- **TASK PROMPT**
Range to output from the entries below: the line containing "3、社交圈也进行了升级,你可以添加好友关注,参与孕妇问答模块,并创建个人主页。" through the line containing "April 3, 1772". Set it down exactly, ends included, nothing else.

- **EXERCISE INPUTS**
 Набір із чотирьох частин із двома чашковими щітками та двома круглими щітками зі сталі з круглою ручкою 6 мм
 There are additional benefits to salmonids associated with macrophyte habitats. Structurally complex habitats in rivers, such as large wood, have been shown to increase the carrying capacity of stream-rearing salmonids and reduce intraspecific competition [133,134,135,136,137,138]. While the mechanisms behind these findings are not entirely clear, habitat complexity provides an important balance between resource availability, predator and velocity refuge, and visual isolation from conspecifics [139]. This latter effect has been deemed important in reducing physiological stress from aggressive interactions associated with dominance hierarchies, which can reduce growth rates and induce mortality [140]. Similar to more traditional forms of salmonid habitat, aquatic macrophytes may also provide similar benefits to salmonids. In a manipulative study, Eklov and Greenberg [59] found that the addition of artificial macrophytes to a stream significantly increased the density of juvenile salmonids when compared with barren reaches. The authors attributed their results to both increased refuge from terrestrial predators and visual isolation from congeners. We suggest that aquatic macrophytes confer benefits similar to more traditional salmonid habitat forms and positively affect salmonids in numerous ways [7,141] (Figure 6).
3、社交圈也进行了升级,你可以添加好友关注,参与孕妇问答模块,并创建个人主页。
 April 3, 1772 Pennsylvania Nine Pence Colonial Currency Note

...

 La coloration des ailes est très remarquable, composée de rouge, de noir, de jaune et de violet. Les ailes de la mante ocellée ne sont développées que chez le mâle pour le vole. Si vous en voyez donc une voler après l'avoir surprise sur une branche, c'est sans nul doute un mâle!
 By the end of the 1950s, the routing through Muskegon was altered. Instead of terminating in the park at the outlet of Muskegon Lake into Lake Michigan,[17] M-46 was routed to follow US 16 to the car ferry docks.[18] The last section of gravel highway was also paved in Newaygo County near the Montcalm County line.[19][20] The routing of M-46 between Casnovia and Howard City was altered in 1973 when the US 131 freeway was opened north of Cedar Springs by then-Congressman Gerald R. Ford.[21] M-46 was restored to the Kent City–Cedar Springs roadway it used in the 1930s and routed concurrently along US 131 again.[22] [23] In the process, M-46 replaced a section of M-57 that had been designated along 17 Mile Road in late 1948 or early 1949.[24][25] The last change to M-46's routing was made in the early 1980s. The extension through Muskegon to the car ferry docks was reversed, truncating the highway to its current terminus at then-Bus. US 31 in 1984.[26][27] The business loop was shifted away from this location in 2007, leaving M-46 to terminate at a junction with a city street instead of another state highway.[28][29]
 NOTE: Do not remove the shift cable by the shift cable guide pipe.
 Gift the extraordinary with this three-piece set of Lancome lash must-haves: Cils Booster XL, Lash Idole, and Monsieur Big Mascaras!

...

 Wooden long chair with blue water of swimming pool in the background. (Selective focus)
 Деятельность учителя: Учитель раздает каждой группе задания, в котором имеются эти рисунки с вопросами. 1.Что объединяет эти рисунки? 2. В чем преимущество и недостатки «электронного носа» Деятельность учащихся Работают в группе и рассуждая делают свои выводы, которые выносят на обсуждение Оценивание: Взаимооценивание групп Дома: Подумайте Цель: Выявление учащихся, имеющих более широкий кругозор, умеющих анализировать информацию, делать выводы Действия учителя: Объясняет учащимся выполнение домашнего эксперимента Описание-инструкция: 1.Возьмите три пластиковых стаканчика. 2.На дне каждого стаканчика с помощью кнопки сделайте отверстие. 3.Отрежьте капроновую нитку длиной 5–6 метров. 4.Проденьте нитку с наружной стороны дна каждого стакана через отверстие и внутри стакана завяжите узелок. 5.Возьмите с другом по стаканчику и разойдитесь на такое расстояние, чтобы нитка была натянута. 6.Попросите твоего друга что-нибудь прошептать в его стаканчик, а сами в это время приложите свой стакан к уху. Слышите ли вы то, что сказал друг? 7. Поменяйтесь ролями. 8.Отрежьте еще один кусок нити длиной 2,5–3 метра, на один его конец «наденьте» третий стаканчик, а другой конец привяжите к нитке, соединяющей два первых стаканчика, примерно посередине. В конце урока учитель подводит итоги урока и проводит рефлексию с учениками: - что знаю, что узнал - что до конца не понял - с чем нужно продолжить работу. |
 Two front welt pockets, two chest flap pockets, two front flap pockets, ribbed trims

- **EXPECTED OUTPUT**
3、社交圈也进行了升级,你可以添加好友关注,参与孕妇问答模块,并创建个人主页。
 April 3, 1772 Pennsylvania Nine Pence Colonial Currency Note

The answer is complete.